What type of argument?

Whether it's requesting web HTML or calling the Internet API interface, get and post pass parameters always request the same page or interface, but the parameters are different. Then the type of the parameter is:

GET_HTMLS ($url, $options);

$url is a string

$options, is a two-dimensional array, each of the parameters of the page is an array.

In this case, it seems to solve the problem. But I looked through the curl's manual without seeing where the parameters of get were passed, so only $url was passed in the form of an array and a method parameter was added


The prototype of the function is set to GET_HTMLS ($urls, $options = array, $method = ' get '), and the code is as follows:

Copy Code code as follows:

function get_htmls ($urls, $options = Array (), $method = ' get ') {
$MH = Curl_multi_init ();
if ($method = = ' Get ') {//get is the most common way to pass values
foreach ($urls as $key => $url) {
$ch = Curl_init ($url);
$options [Curlopt_returntransfer] = true;
$options [Curlopt_timeout] = 5;
Curl_setopt_array ($ch, $options);
$curls [$key] = $ch;
Curl_multi_add_handle ($MH, $curls [$key]);
}
}elseif ($method = = ' Post ') {//post-pass value
foreach ($options as $key => $option) {
$ch = Curl_init ($urls);
$option [Curlopt_returntransfer] = true;
$option [Curlopt_timeout] = 5;
$option [Curlopt_post] = true;
Curl_setopt_array ($ch, $option);
$curls [$key] = $ch;
Curl_multi_add_handle ($MH, $curls [$key]);
}
}else{
Exit ("parameter error!\n");
}
do{
$MRC = Curl_multi_exec ($MH, $active);
Curl_multi_select ($MH);//reduce CPU pressure comment out CPU pressure becomes larger
}while ($active);
foreach ($curls as $key => $ch) {
$html = Curl_multi_getcontent ($ch);
Curl_multi_remove_handle ($MH, $ch);
Curl_close ($ch);
$htmls [$key] = $html;
}
Curl_multi_close ($MH);
return $htmls;
}

The common get requests are implemented by changing the URL parameters, and because our functions are for data acquisition.

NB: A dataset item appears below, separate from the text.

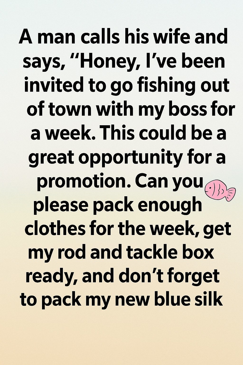 “Honey,” he said, “my boss invited me on a weeklong fishing trip out of town. It could be great for my career—maybe even lead to a promotion. Can you pack enough clothes for the week, get my fishing gear ready, and don’t forget my new blue silk pajamas.”
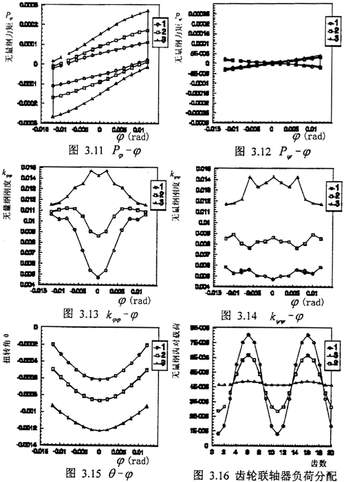 的增加,使得齒對(duì)彈簧到齒輪中心的力臂增加,使Kφφ有增加的趨勢(shì),兩方面作用的結(jié)果使得

Must be classified collection, so the URL is similar to this:

Http://www.baidu.com/s?wd=shili&pn=0&ie=utf-8

Http://www.baidu.com/s?wd=shili&pn=10&ie=utf-8

Http://www.baidu.com/s?wd=shili&pn=20&ie=utf-8

Http://www.baidu.com/s?wd=shili&pn=30&ie=utf-8

Http://www.baidu.com/s?wd=shili&pn=50&ie=utf-8

The top five pages are very regular and change only the value of PN.

Copy Code code as follows:

$urls = Array ();
For ($i =1 $i <=5; $i + +) {
$urls [] = ' http://www.baidu.com/s?wd=shili&pn= '. (($i-1) *10). ' &ie=utf-8 ';
}
$option [Curlopt_useragent] = ' mozilla/5.0 (Windows NT 6.1; rv:19.0) gecko/20100101 firefox/19.0 ';
$htmls = get_htmls ($urls, $option);
foreach ($htmls as $html) {
echo $html//The HTML can be processed here.
}

Simulate a common POST request:

Write a post.php file as follows:

Copy Code code as follows:

if (isset ($_post[' username ')) && isset ($_post[' password ')) {
Echo ' username is: '. $_post[' username '. ' The password is: '. $_post[' password '];
}else{
echo ' request Error! '
}

Then call the following:
Copy Code code as follows:

$url = ' http://localhost/yourpath/post.php '; this is your path.
$options = Array ();
For ($i =1 $i <=5; $i + +) {
$option [Curlopt_postfields] = ' username=user '. $i. ' &password=pass '. $i;
$options [] = $option;
}
$htmls = get_htmls ($url, $options, ' post ');
foreach ($htmls as $html) {
echo $html//The HTML can be processed here.
}

This get_htmls function can also basically achieve some data acquisition function.

Today to share to write the bad said not clear, please advise

Contact Us

The content source of this page is from Internet, which doesn't represent Alibaba Cloud's opinion; products and services mentioned on that page don't have any relationship with Alibaba Cloud. If the content of the page makes you feel confusing, please write us an email, we will handle the problem within 5 days after receiving your email.

If you find any instances of plagiarism from the community, please send an email to: info-contact@alibabacloud.com and provide relevant evidence. A staff member will contact you within 5 working days.

A Free Trial That Lets You Build Big!

Start building with 50+ products and up to 12 months usage for Elastic Compute Service

  • Sales Support

    1 on 1 presale consultation

  • After-Sales Support

    24/7 Technical Support 6 Free Tickets per Quarter Faster Response

  • Alibaba Cloud offers highly flexible support services tailored to meet your exact needs.